It is more likely that Halley based his conclusion on the text by Boulliau.⁵ Boulliau prints a Greek text from the astronomer Heliodorus, and provides a Latin translation. We translate from the Greek (see Appendix 1).

On 15 to 16 Phamenoth 225, I saw the Moon following the bright [star] from the Hyades, after the lighting of the lamps, by at most half a finger, and it appeared to have occulted it, because the star was next to the bisection of the convex circumference of the illuminated part. The true Moon then was at $16^{\circ} 3 0^{'}$ Taurus.

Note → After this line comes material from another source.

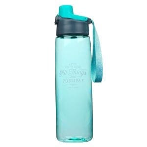 his teal athletic water bottle reminds Christians of an eternal, infallible truth: "With God, all things are possible" (Matthew 19:26). Those of us who are continually moving understand that a dependable water bottle is necessary! The vibrant teal of the BPA-Free Plastic Water Bottle is detailed with a delicate and artistic script. The design elevates a casual plastic bottle to a trendy one while spreading the Word with you wherever you go.

The Egyptian date corresponds to 11 March 509, a finger in ancient astronomy corresponds to 5′, and the lamps were lighted after dusk. After performing the required computations Boulliau concludes that in fact no occultation took place. He took 7:20 p.m. as the local time for earliest visibility in Athens, and used a time difference between Athens and Hven (Uranienborg) of 45 minutes, close to the correct value of 44.1 minutes. We list his numbers in Table 3. Boulliau does not mention a latitude for Aldebaran, but we may assume that he used the value $- 5^{\circ} 3 1^{'}$ determined in Uranienborg, that is, the value by Brahe (see Table 1). The southern edge of the Moon was taken by Boulliau to be 15′ south of its topocentric centre, that is, at $- 5 ° 2 6^{'} 2 {7^{'}}^{'}$ , thus about $4 . 5^{'}$ north of Aldebaran. Bouilliau concluded that no occultation could have taken place.

Table 3.

Geocentric and topocentric positions of the centre of the Moon on 11 March 509 for an observer in Athens according to Boulliau⁵ (Bo) and according to our modern computations for Athens (At, coordinates $23 ° 4 3^{'} 4 {0^{'}}^{'}$ East, $37 ° 5 9^{'} 0 {2^{'}}^{'}$ North) and for Alexandria (Al, $29 ° 5 5^{'}$ E, $31 ° 1 2^{'}$ N). CA moment of closest approach to Aldebaran; EV moment of earliest visibility of Aldebaran. For Athens we also list the results for a computation in which the length of the day did not change between 509 and 1700, hence ∆ t = ∆t(1700) = 11s. We also give the correct position of Aldebaran in 509, and the position obtained by converting its position in Flamsteed’s catalogue to 509 without proper motion.

		∆t (s)	UT (h)	LT (h)	LST (h)	$λ_{g}$ (°)	$β_{g}$ (°)	$λ_{t}$ (°)	$β_{t}$ (°)
Bo	EV			19.333		50.507	−4.967	49.879	−5.191
At	CA	5620	13.627	15.209	2.589	48.975	−4.934	48.980	−5.343
At	EV	5620	16.733	18.315	5.703	50.552	−4.982	50.025	−5.271
Al	CA	5620	13.714	15.709	3.089	49.019	−4.935	48.962	−5.220
Al	EV	5620	16.333	18.328	5.715	50.349	−4.976	49.808	−5.160
At	CA	11	16.122	17.704	5.090	49.451	−4.949	49.009	−5.250
Position Aldebaran in 509 computed from HIPPARCOS data								49.010	−5.573
Flamsteed position Aldebaran converted to 509								49.014	−5.641

CA: closest approach; EV: earliest visibility; UT: universal time; LT: local time; LST: local sidereal time.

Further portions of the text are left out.